BEGIN INPUT MATERIAL

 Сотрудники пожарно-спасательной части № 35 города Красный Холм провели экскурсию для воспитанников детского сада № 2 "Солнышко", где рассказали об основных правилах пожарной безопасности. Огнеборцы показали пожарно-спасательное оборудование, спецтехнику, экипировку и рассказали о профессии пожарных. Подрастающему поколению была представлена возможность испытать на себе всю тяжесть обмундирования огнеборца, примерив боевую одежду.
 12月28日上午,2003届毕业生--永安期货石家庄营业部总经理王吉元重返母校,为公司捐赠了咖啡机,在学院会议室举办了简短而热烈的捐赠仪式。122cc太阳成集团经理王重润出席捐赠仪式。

END INPUT MATERIAL
BEGIN INPUT MATERIAL

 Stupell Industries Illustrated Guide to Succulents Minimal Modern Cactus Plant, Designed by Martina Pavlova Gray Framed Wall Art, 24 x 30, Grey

END INPUT MATERIAL
BEGIN INPUT MATERIAL

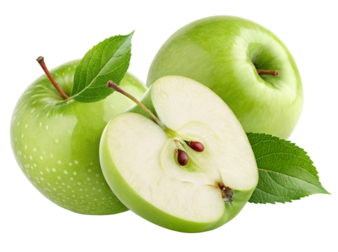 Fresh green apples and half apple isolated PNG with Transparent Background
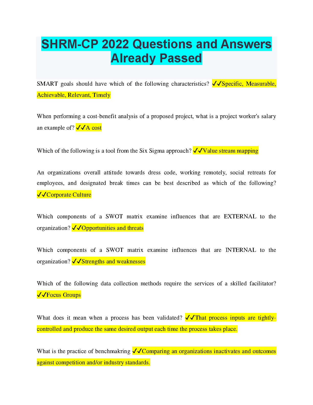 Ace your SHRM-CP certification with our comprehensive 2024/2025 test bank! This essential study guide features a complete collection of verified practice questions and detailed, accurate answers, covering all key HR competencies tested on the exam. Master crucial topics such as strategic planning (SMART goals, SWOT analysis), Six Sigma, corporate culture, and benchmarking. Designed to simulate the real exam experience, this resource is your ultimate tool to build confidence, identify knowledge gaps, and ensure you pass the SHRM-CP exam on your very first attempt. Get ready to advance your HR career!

END INPUT MATERIAL

**EXERCISE INSTRUCTIONS**:
Extract from the records above the lines from the one containing "Сотрудники пожарно-спасательной части" to the one containing "12月28日上午,2003届", both lines included, exactly as they appear and with nothing else.

**ANSWER**:
 Сотрудники пожарно-спасательной части № 35 города Красный Холм провели экскурсию для воспитанников детского сада № 2 "Солнышко", где рассказали об основных правилах пожарной безопасности. Огнеборцы показали пожарно-спасательное оборудование, спецтехнику, экипировку и рассказали о профессии пожарных. Подрастающему поколению была представлена возможность испытать на себе всю тяжесть обмундирования огнеборца, примерив боевую одежду.
 12月28日上午,2003届毕业生--永安期货石家庄营业部总经理王吉元重返母校,为公司捐赠了咖啡机,在学院会议室举办了简短而热烈的捐赠仪式。122cc太阳成集团经理王重润出席捐赠仪式。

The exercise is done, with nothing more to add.